Bereits viele Jahre sind es her, dass auch hier der Höhleneingang eingestürzt ist. Die Vermutung, dass man ebenfalls an dieser Stelle versuchte Quellwasser zu fassen, liegt insofern nahe, weil sich wenige hundert Meter von diesem unterirdischen Gang entfernt das ältere Limpachbad, auch Lindbachbad oder Moosbad genannt, befunden hat. Dieses fiel 1746 einem Brand zum Opfer und wurde nachher an anderer Stätte in der Nähe des Wartwaldes bei Uttigen wieder aufgebaut, wo es im Januar 1849 ebenfalls durch Feuer zerstört wurde. Es ist nicht völlig ausgeschlossen, dass die Quellfassung im Fronholzwald mit dem erstgenannten Limpachbad eine Bewandtnis hatte. Sollte dies zutreffen, wofür freilich keine einschlägigen Beweise vorliegen, hätte man einige Anhaltspunkte in Bezug auf die Zeit. Man dürfte dann wohl auf ein Höhlenalter von 200 bis 300 Jahren schliessen.
Vom älteren Limpachbad weiss man, dass es bereits 1654 bestanden hat denn damals weilte hier der legendäre Theologiestudent Theobald Weinzäpfli zur Kur, der im Übermut, wie überliefert ist, zu Pferd beim Münster in Bern über die Plattform hinausritt und wie durch ein Wunder mit dem Leben davonkam. Er amtierte dann von 1665 hinweg während drei Jahrzehnten als Pfarrer in Kerzers. Erst am 12. Mai 1675, also vor bald 300 Jahren, erhielt der Moosbadbesitzer von der bernischen Obrigkeit die Bewilligung, im Limpachbad wirten zu dürfen. Vorher war offenbar der Weinausschank verboten. In diesem Bad, das heute verschwunden ist, fanden sich nicht nur vornehme Gäste aus dem Patriziat und dem Offiziersstand aus Thun und Bern ein, sondern recht öfters auch ausländische Prominenz.
Der Bezug zu Theobald Weinzäpfli und dessen wundersamer Sturz von der Berner Münsterplattform ist ebenfalls bemerkenswert. Diese Sage, die offenbar mehr als eine Sage ist, kannte ich bereits.
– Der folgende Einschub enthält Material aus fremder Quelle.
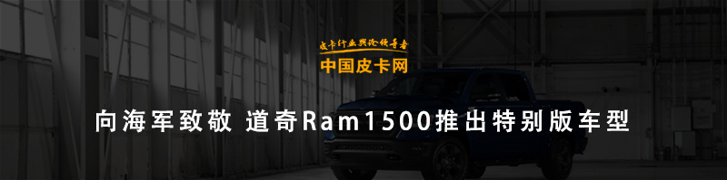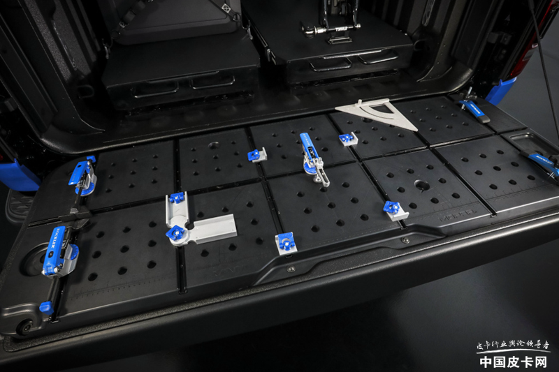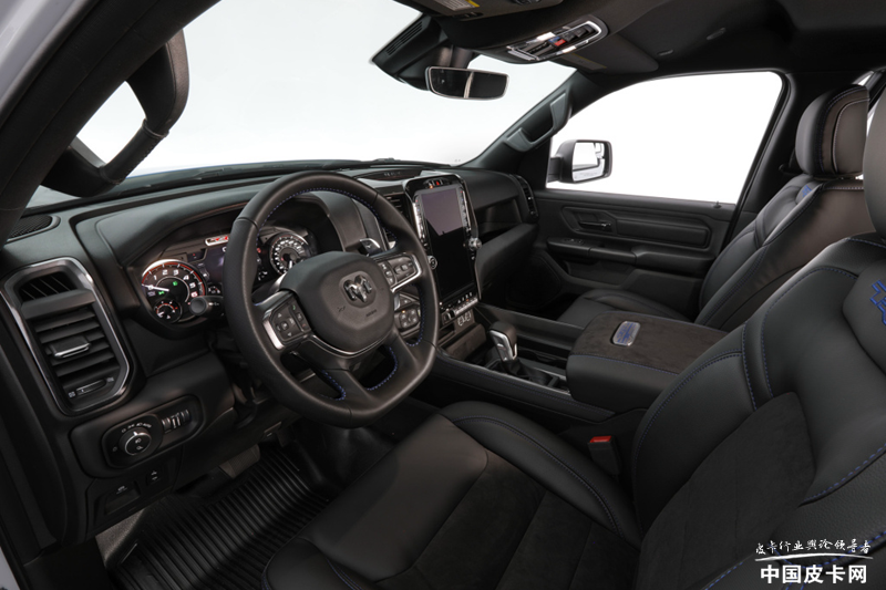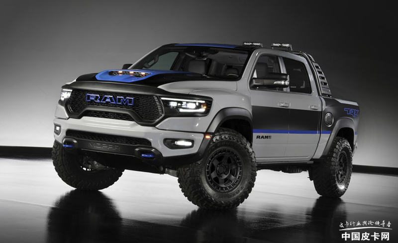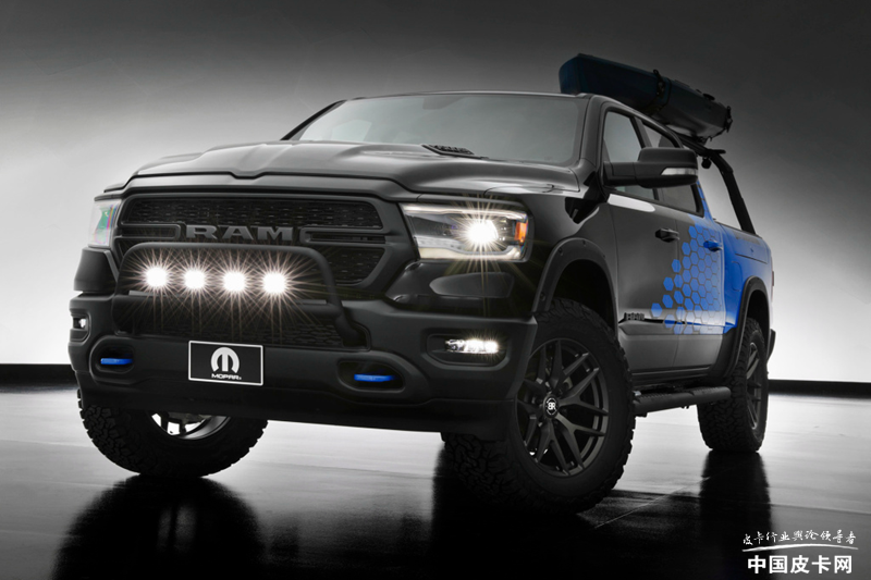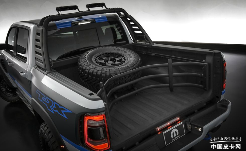 整车采用独特的车身涂装,黑蓝灰相间十分醒目。最明显的是轮胎部分的改装,该车采用了定制的18英寸黑犀牛轮圈和37英寸越野轮胎,让整车看上去野性十足。而由于轮胎的更换,以及前后下护板的配合,还有定制侧踏板的加持,让整车的接近角提高到了32.5°,通过性更强。货箱部分还集成了一款定制式防滚架,并且带有两个14英寸的LED光源用来补光。货箱下端还设计了两个5英寸黑色Mopar排气尾喉,让整车也拥有了一丝运动元素。

Wikipedia führt hierzu einen übersichtlichen Eintrag.
Mindestens so interessant ist, dass Albert Jahn von einem unterirdischen Gang in Uetendorf in seinem Artikel «Alterthümer und Sagen in der Umgegend des untern Thunersee’s» berichtet hat: «Von dem am Nordende der Thun-Allmend gelegenen Uetendorf soll, nach Aussage der Landleute, ein unterirdischer Gang nach Uebeschi und den Höfen bei Amsoldingen führen.»